The story that I’m about to tell is a legend. And also it is true.
I first read it in the Next Whole Earth Catalog in one of the giant chairs of my college’s library, the ones by the great windows that looked out over Frenchman’s Bay even when the ice was thick on the trees.
It is a legend because it did not happen quite the way it is told. It is true in the way that legends are, even when they didn’t actually happen quite the way they are told.
The way I heard the legend, goes like this.
New College, Oxford, is of rather late foundation, hence the name. It was founded around the late 14th century. It has, like other colleges, a great dining hall with big oak beams across the top. These might be two feet square and forty-five feet long.
A century ago, so I am told, some busy entomologist went up into the roof of the dining hall with a penknife and poked at the beams and found that they were full of beetles.

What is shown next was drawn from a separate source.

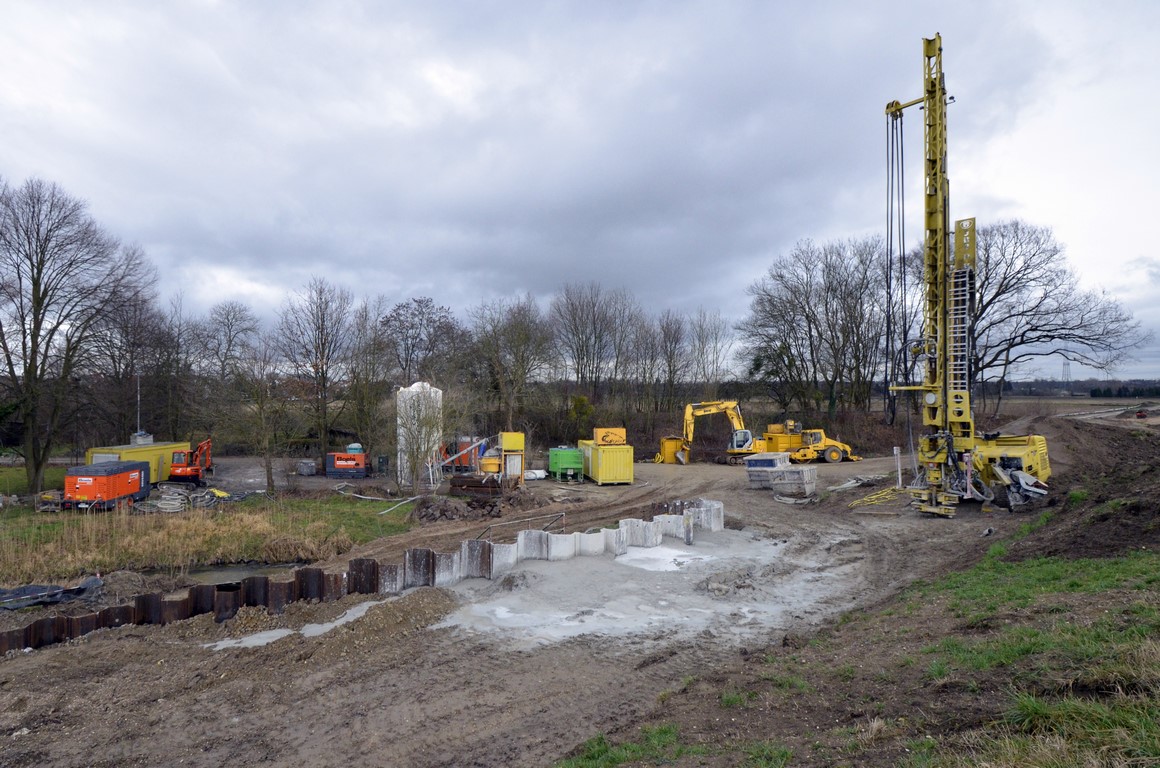 Hochwasserfall die Erreichbarkeit des Dammes mit schweren Fahrzeugen sicher. Der Rheindamm wird etwas höher und vor allem breiter

This was reported to the College Council, who met in some dismay, because they had no idea where they would get beams of that calibre nowadays.
One of the Junior Fellows stuck his neck out and suggested that there might be some oak on College lands. These colleges are endowed with pieces of land scattered across the country. So they called in the College Forester, who of course had not been near the college itself for some years, and asked about oaks. And he pulled his forelock and said, “Well sirs, we was wonderin’ when you’d be askin’.”
Upon further inquiry it was discovered that when the College was founded, a grove of oaks had been planted to replace the beams in the dining hall when they became beetly, because oak beams always become beetly in the end. This plan had been passed down from one Forester to the next for five hundred years. “You don’t cut them oaks. Them’s for the College Hall.”
I love this story. I love the jolt of recognition at the end. But my delight at the punchline reveals a cynical expectation. I am surprised … because, unconsciously, I believe that this is not what people do, that we are thoughtless, that it is our nature to use up all good things before we give a care. And I suppose this is not a baseless expectation. Our forebears caught the salmon till they were gone, slaughtering the bison and the whales, leveled the forests, and turned the cradles of civilization into deserts.
But this story reminds us that this is not all we do.
The heroes of this story aren’t named. They are the generations of foresters who kept something alive and kept a promise to future generations, even when the future generations had forgotten it. This story is about how we can look up from our own myopia… about how we can grow something even when the world around us burns.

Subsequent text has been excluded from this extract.